For this ANOVA test, we will set our alpha level to 0.1 and the null hypothesis that there is no difference between the means of the floor area for the flat types.
## Analysis of Variance Table
##
## Response: floor_area_sqm
## Df Sum Sq Mean Sq F value Pr(>F)
## flat_type2 2 9370466 4685233 77207 < 2.2e-16 ***
## Residuals 38692 2347999 61
## ---
## Signif. codes: 0 '***' 0.001 '**' 0.01 '*' 0.05 '.' 0.1 ' ' 1
The ANOVA test showed that the p-value was less than 0.001 and so we can reject the null hypothesis; concluding that there is a mean difference between the floor area of flat types.

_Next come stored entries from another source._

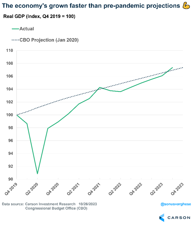 Consider this: Real GDP growth has grown faster than what the Congressional Budget Office projected just before the pandemic in January 2020. It also projected the unemployment rate in 2023 would be 4.4%. It’s 3.8% now.
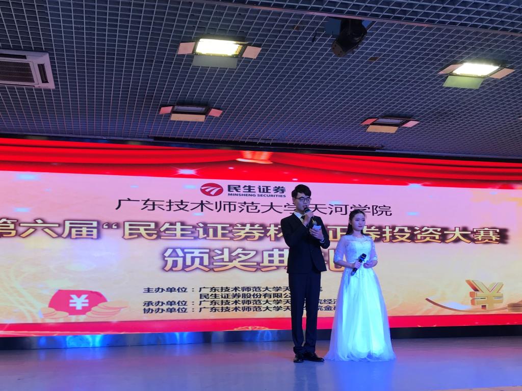(通讯员 谢震)12月27日下午,我院在六栋学术报告大厅隆重举行第六届“民生证券杯”证券投资大赛颁奖典礼,表彰在大赛中取得优异成绩的学生,激励同学们积极参加学科竞赛,提高综合素质。民生证劵广州营业部总经理杜永红、综合部主管李欣、投资顾问助理林耿芳,我院副院长张志红、党总支书记、副院长谭飞、副院长陈天勇、实验中心主任张建龙出席本次颁奖典礼。
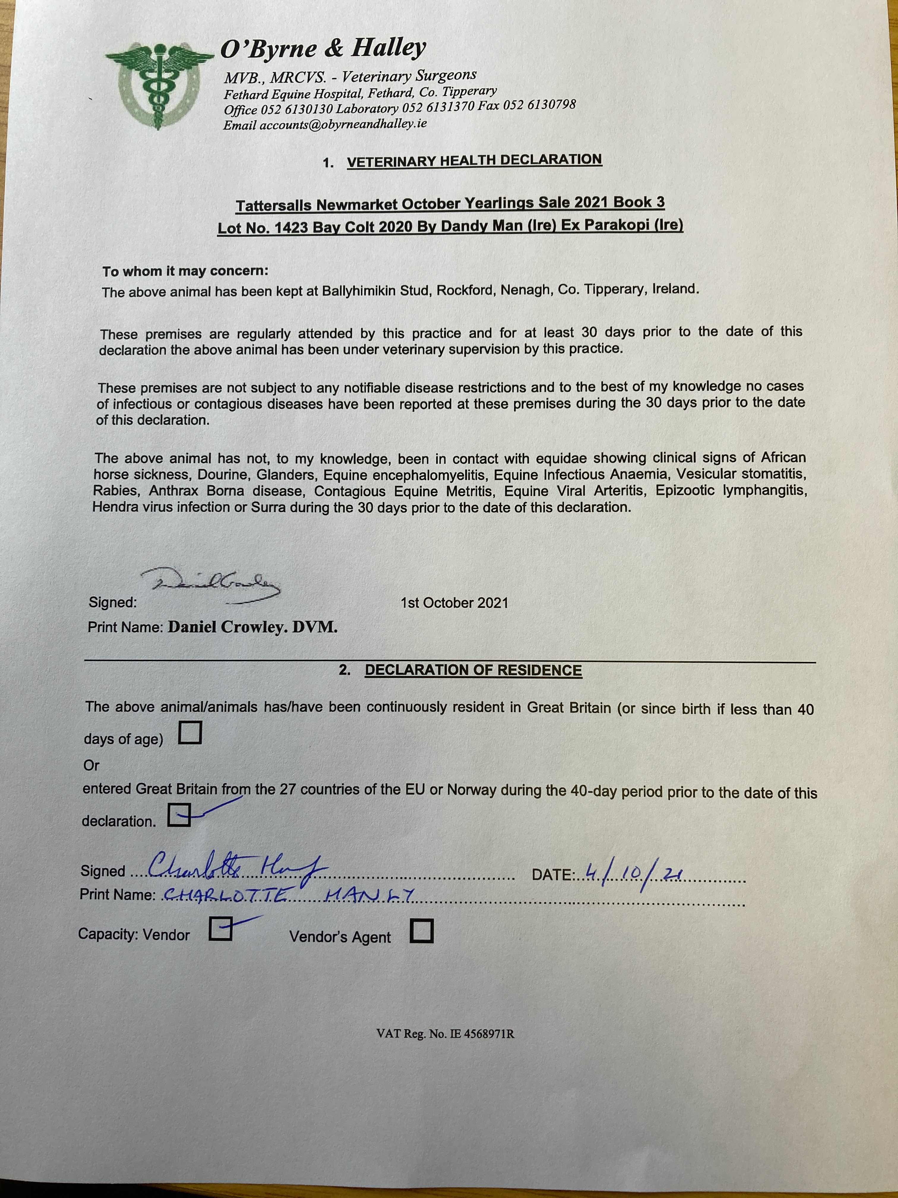 Consignor: Ballyhimikin Stud, Ireland
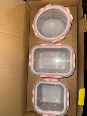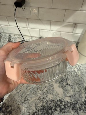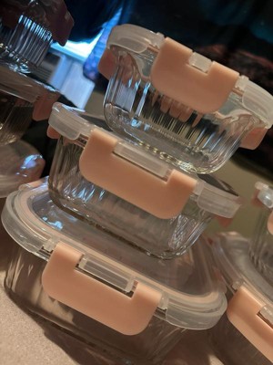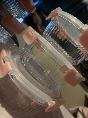 [This review was collected as part of a promotion.] First off, these are adorable. The light pink and the fluted glass are so perfect. They are glass but sturdy with plastic airtight waterproof lids. I have stored leftovers, salads, fruit and jello in these so far and they didn’t disappoint. I even filled one with water to test the leakproof lid and not a drop came out. You can stack them inside each other for better storage. I also like how you can see all the way through the lids and containers. Very cool. Will probably buy and recommend these to others in the future.
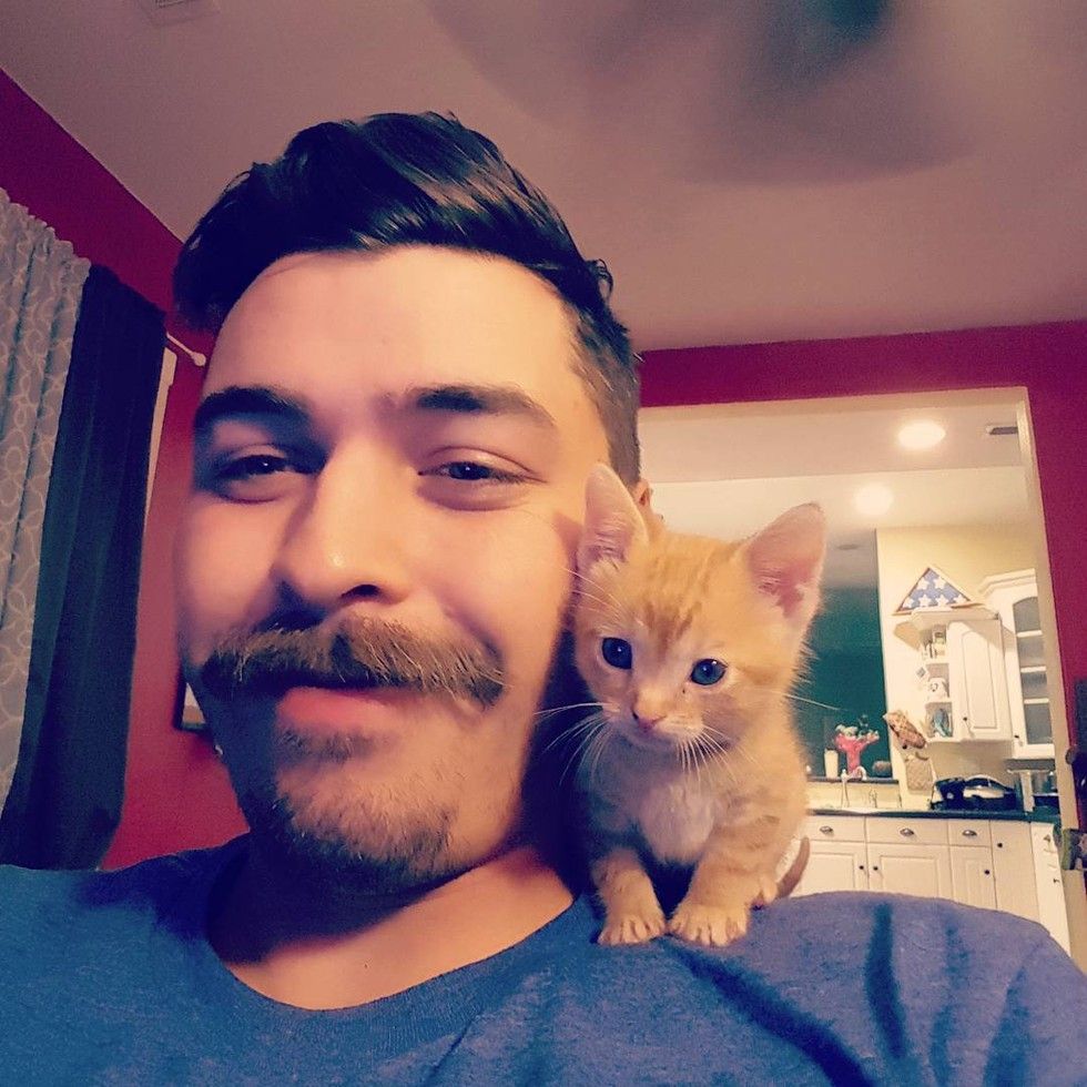 A tiny rescued kitten found his way onto a man's shoulder and decided he would be his partner for life.
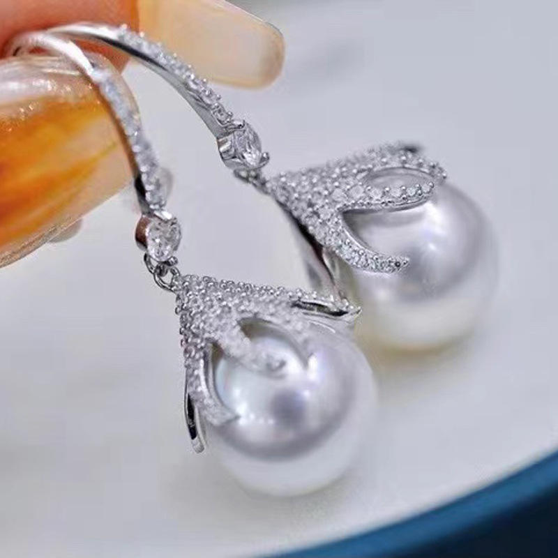 S925 Silver DIY Pearl Accessories 10-12mm Round Bead 21618 Hollow Nail Bracket Concealer with Ear Hook for Earrings
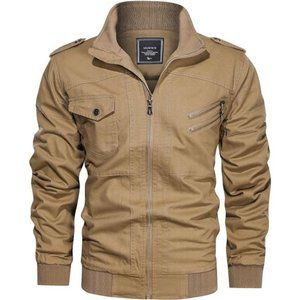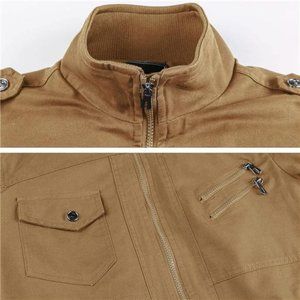 Men Military Jacket Cotton Utility Coat Cargo Bomber Stand Collar Multi-Pocket
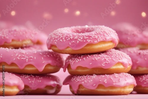 Elegant Pink Glazed Donuts Topped with Colorful Sprinkles. Generative AI
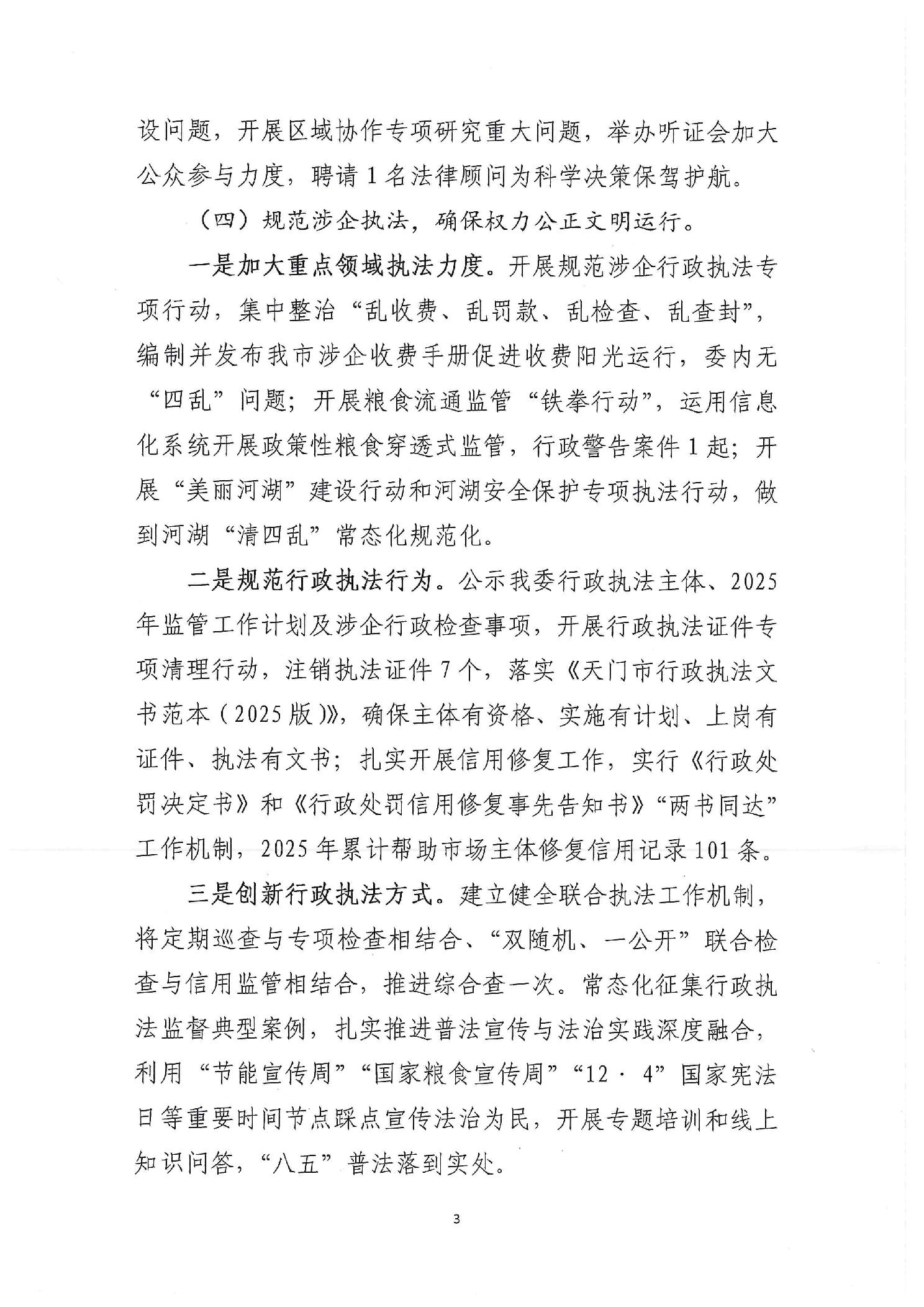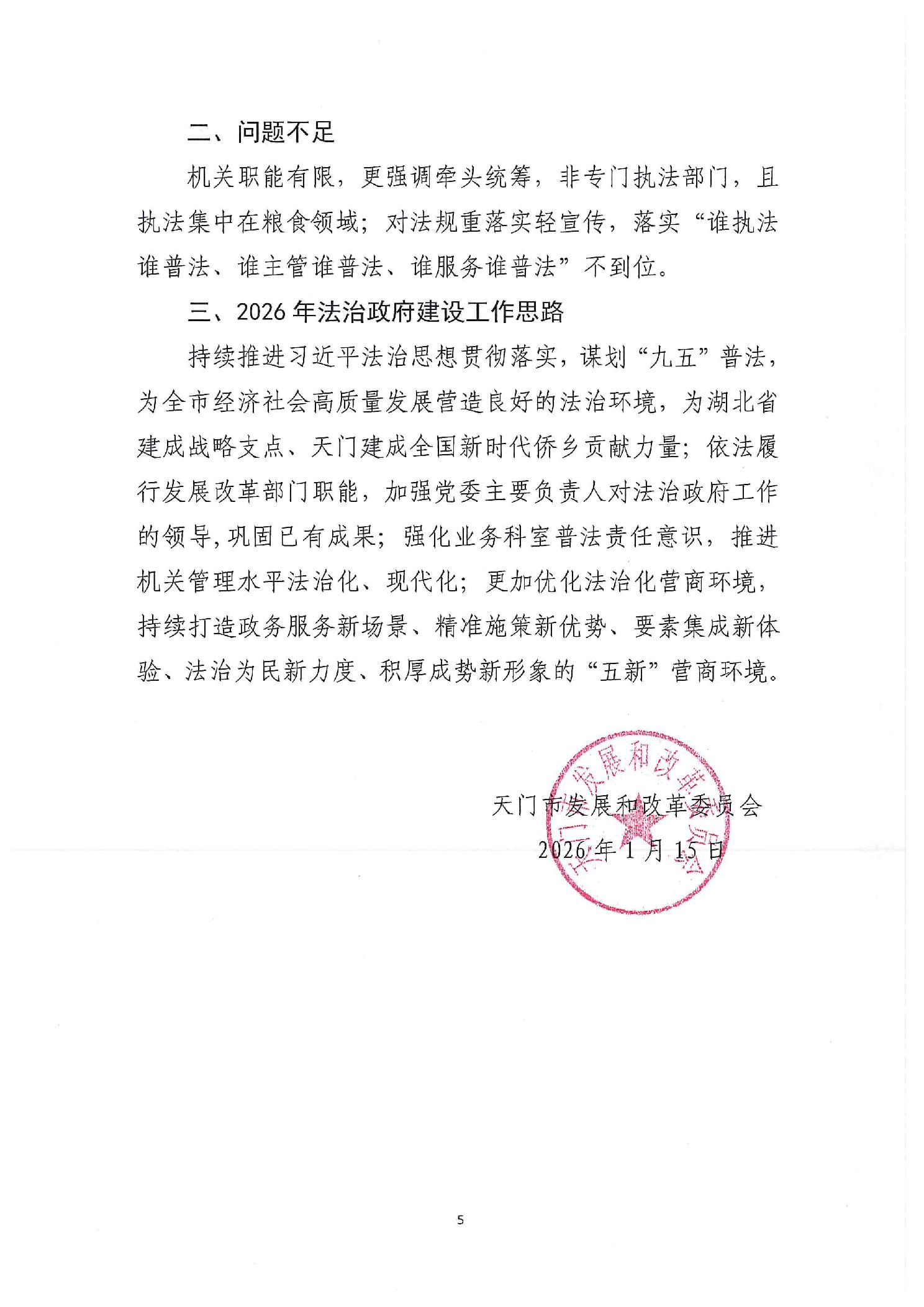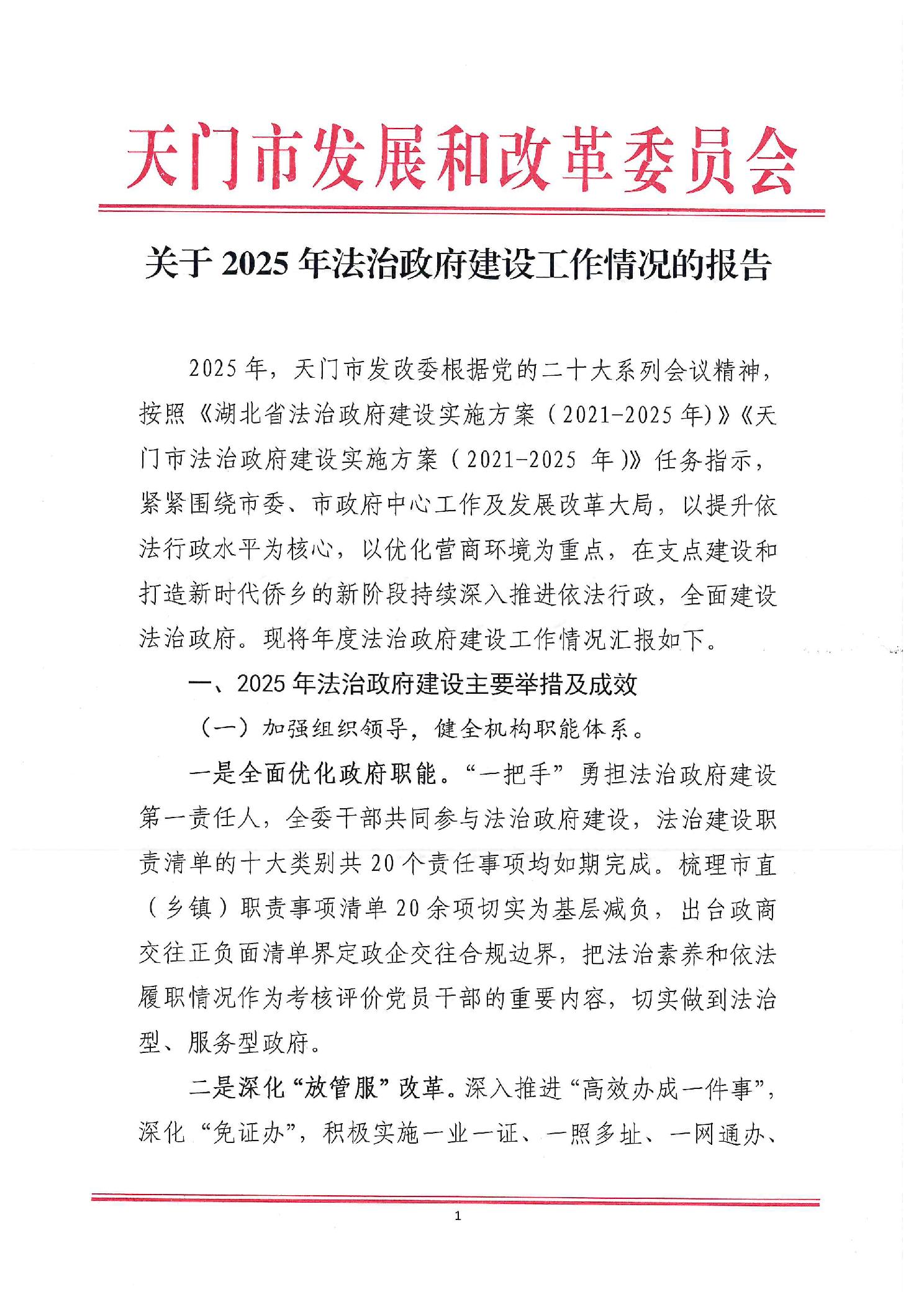 天门市发改委2025年法治政府建设工作情况的报告

To determine which pairs of flat types had differences, we can conduct a series pairwise t-test with Bonferroni correction. We will set alpha to 0.1 for this test.
##
## Pairwise comparisons using t tests with pooled SD
##
## data: filtered_data$floor_area_sqm and filtered_data$flat_type2
##
## 4-room 5-room
## 5-room <2e-16 -
## Executive <2e-16 <2e-16
##
## P value adjustment method: bonferroni
The pairwise t-tests showed p-values of less than 0.001 for all possible pairs, which means that we can reject all null hypotheses that there were no differences in mean floor areas between flat types. As such, we will be keeping both variables for predicting HDB resale prices.
After exploring our data and gaining some insights into the trends and factors possibly influencing resale prices, we will be modelling the prices to predict them.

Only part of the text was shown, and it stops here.